(Data provided begins)
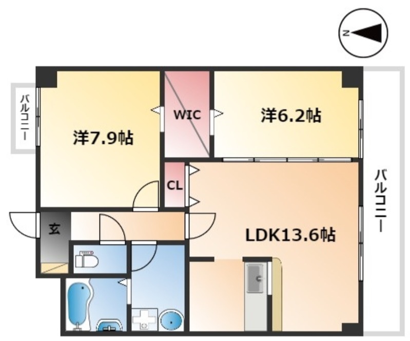 | 間取り詳細 | LDK 13.6畳 、 洋室 7.9畳 、 洋室 6.2畳 |
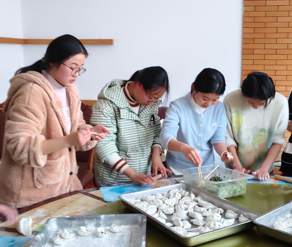 经过一番忙碌,一锅锅热气腾腾、香气扑鼻的饺子新鲜出炉。师生们围坐在一起,一边品尝着自己亲手包的饺子,一边交流冬至的传统习俗和家乡的美食故事,少数民族的同学们更是热情分享了本民族的冬至文化,现场洋溢着温馨而热烈的气氛。
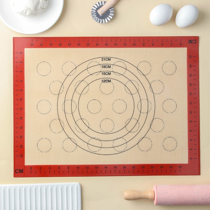 Коврик для выпечки и раскатки теста с разметкой «Пекарь», армированный, двусторонний, силикон, 30?40 см, бежевыйВопросы по товару
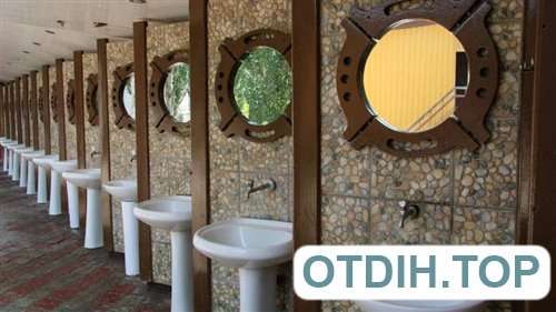 Номера в трехэтажном кирпичном корпусе. Две односпальные кровати, две прикроватные тумбочки, шкафдвухдверный, кондиционер, холодильник, телевизор, стулья, выход из номера на террасу. Душ с (горячей водой по графику). Туалет находятся в 10 м. от корпуса.
(Data provided ends)
About this task: Please print the lines exactly, from the top of the material through the line with "Коврик для выпечки", and omit the pictures.

Answer to the problem:
 | 間取り詳細 | LDK 13.6畳 、 洋室 7.9畳 、 洋室 6.2畳 |
 经过一番忙碌,一锅锅热气腾腾、香气扑鼻的饺子新鲜出炉。师生们围坐在一起,一边品尝着自己亲手包的饺子,一边交流冬至的传统习俗和家乡的美食故事,少数民族的同学们更是热情分享了本民族的冬至文化,现场洋溢着温馨而热烈的气氛。
 Коврик для выпечки и раскатки теста с разметкой «Пекарь», армированный, двусторонний, силикон, 30?40 см, бежевыйВопросы по товару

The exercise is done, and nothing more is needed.